Me senté en el borde de la cama y ella me rodeó con los brazos por detrás. Noté su mejilla y su cálido aliento en la espalda.

– ¿Cómo te encuentras? -pregunté.

Se estrechó contra mí un poco más todavía.

– Bien, creo.

Me obligó a volverme para mirarla a la cara. Se arrodilló en la cama ante mí, con las manos cogidas entre las piernas, y se mordió el labio. A continuación alargó el brazo y me acarició el pelo con suavidad, casi vacilante.

– Pensaba que a vosotros los psicólogos se os daban bien estas situaciones -comenté.

Rachel se encogió de hombros.

– Yo me siento tan confusa como cualquier otro, sólo que conozco la terminología para describir mi confusión -suspiró-. Oye, en cuanto a lo que pasó ayer…, no quiero presionarte. Sé lo difícil que es esto para ti, por Susan y…

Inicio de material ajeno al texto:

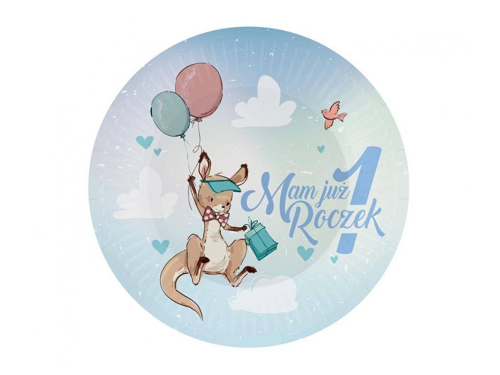 Godan papírové talíře 1. narozeniny s klokanem (6 ks) ▹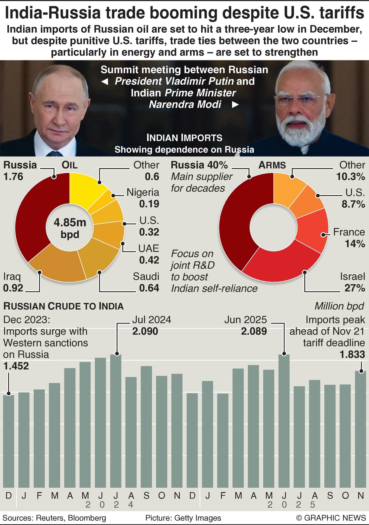 Indian imports of Russian oil are set to hit a 3-year low in December, but despite punitive U.S. tariffs, trade ties between the two countries – particularly in energy and arms – are set to strengthen.

Le toqué la mejilla con la mano y le froté los labios suavemente con el pulgar. Luego la besé y noté abrirse su boca ante la mía. Quería abrazarla, amarla, alejar la visión de la chica muerta.

– Gracias -dije con los labios aún contra los suyos-, pero sé lo que hago.

– Bueno -repuso a la vez que se tendía lentamente en la cama-, al menos uno de los dos lo sabe.